Exclude the pictures and set down, unaltered, the lines from the one that holds "在员工第二支部书记顾欢老师的" through the end of the data.

DATA EXTRACT:
■ ■ ■
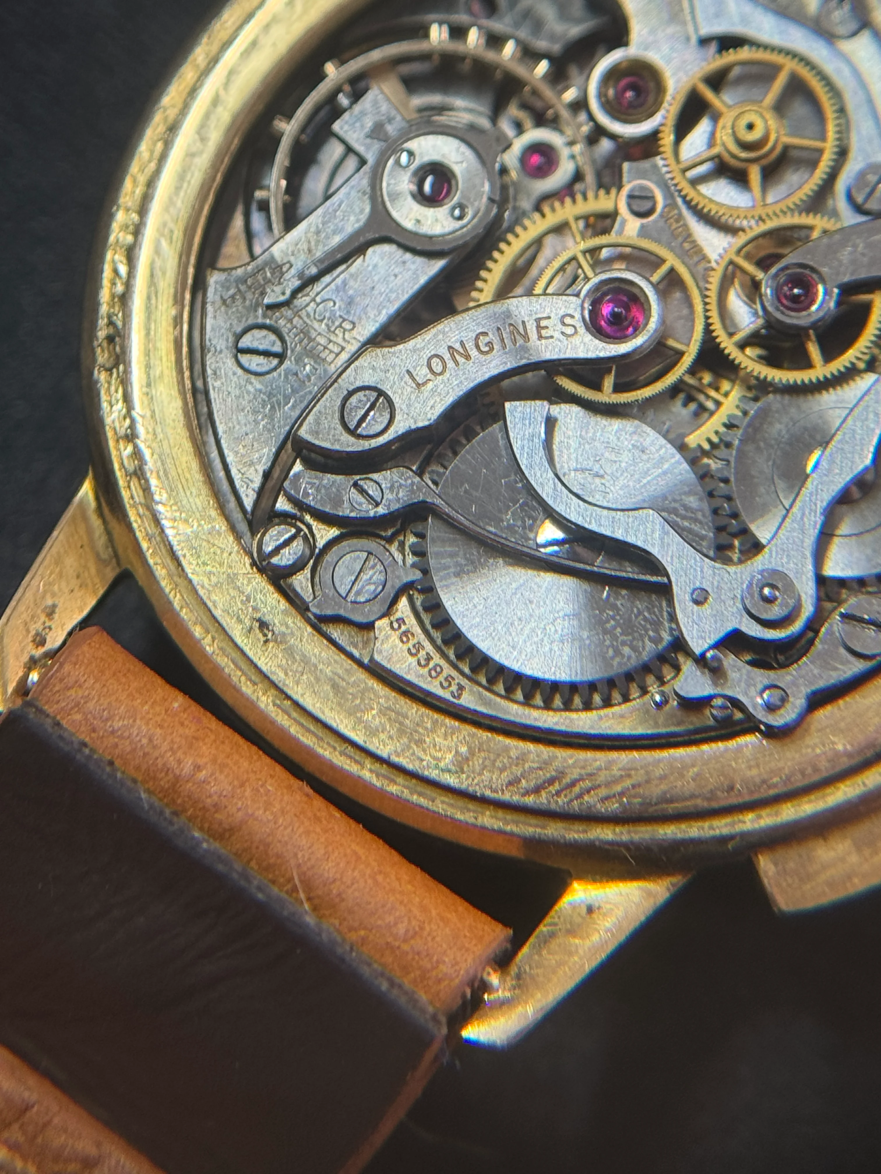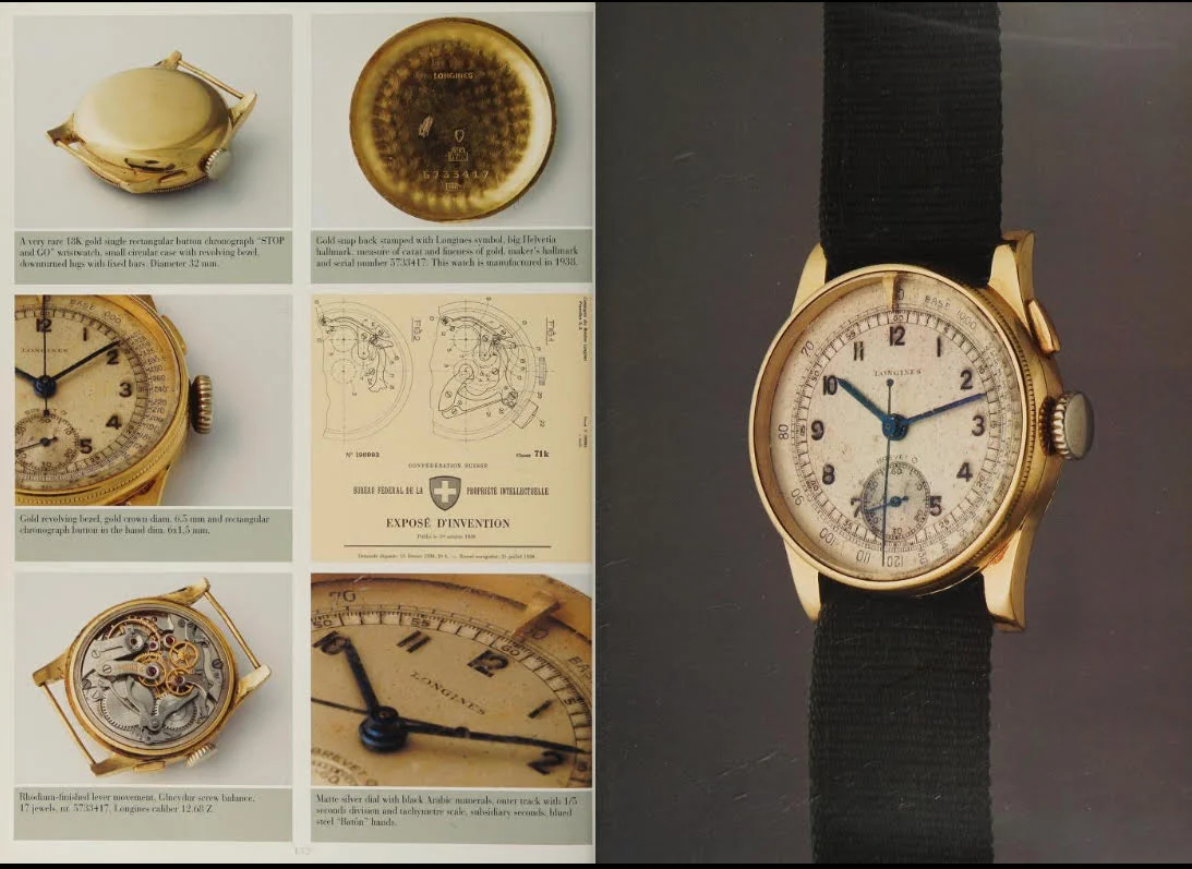 If it turns out not to be true, I’d like to find out what type of case this movement was originally delivered in. I suspect it may have been one with a rotating bezel and a pointer hand. Supporting this theory is the fact that I found a watch with the exact same dial - in worse condition - featured in a book Longines watches from John Goldberger on pages 266–267 (see screenshot below)
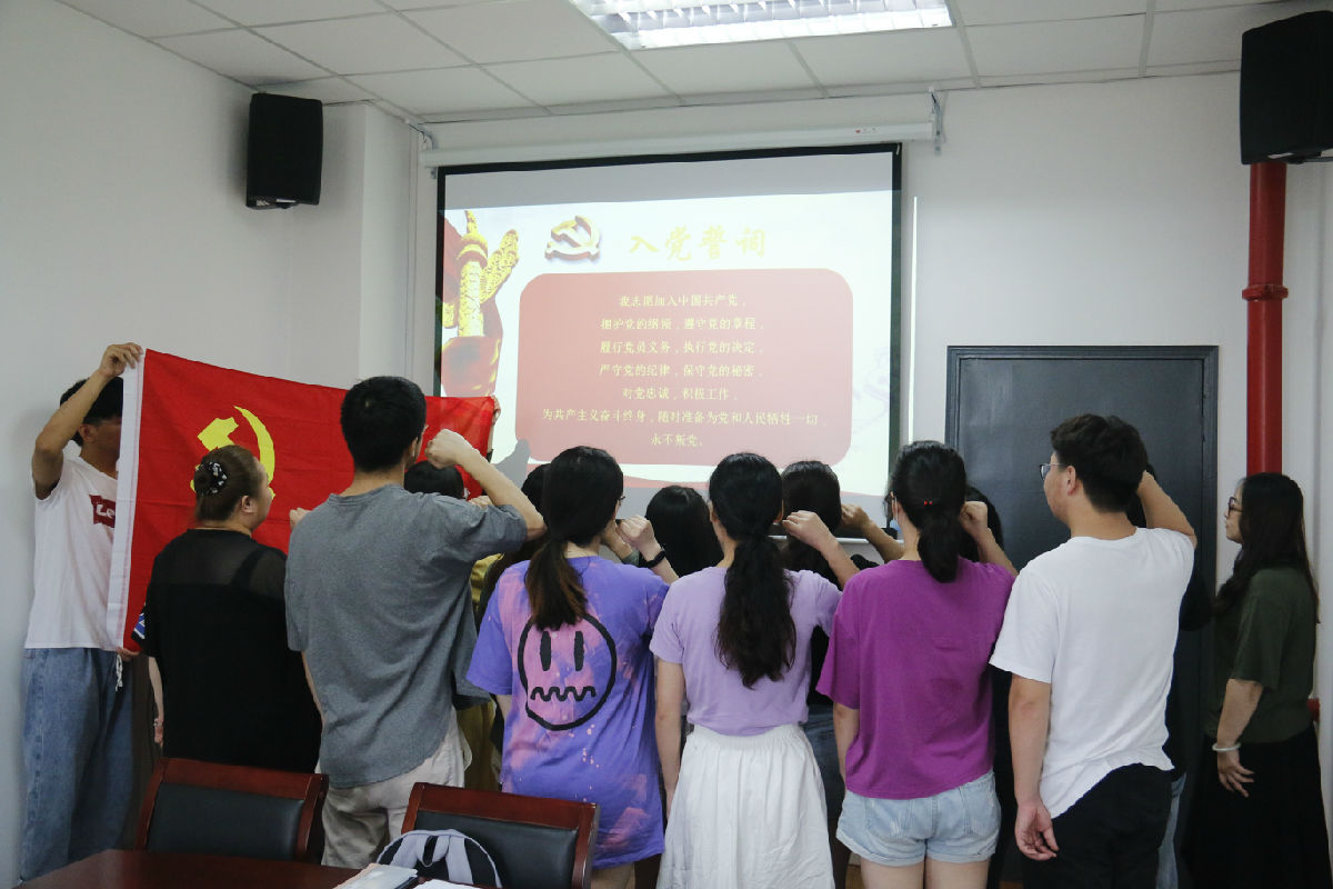 在员工第二支部书记顾欢老师的领誓下,学院22位新发展入党的预备党员,面向党旗,庄严宣誓。
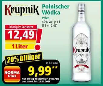 Jetzt im Angebot bei Norma: Krupnik Polnischer Wódka ✅ Aktion gültig vom 19-01 bis 25-01.
■ ■ ■
ANSWER BOX:
 在员工第二支部书记顾欢老师的领誓下,学院22位新发展入党的预备党员,面向党旗,庄严宣誓。
 Jetzt im Angebot bei Norma: Krupnik Polnischer Wódka ✅ Aktion gültig vom 19-01 bis 25-01.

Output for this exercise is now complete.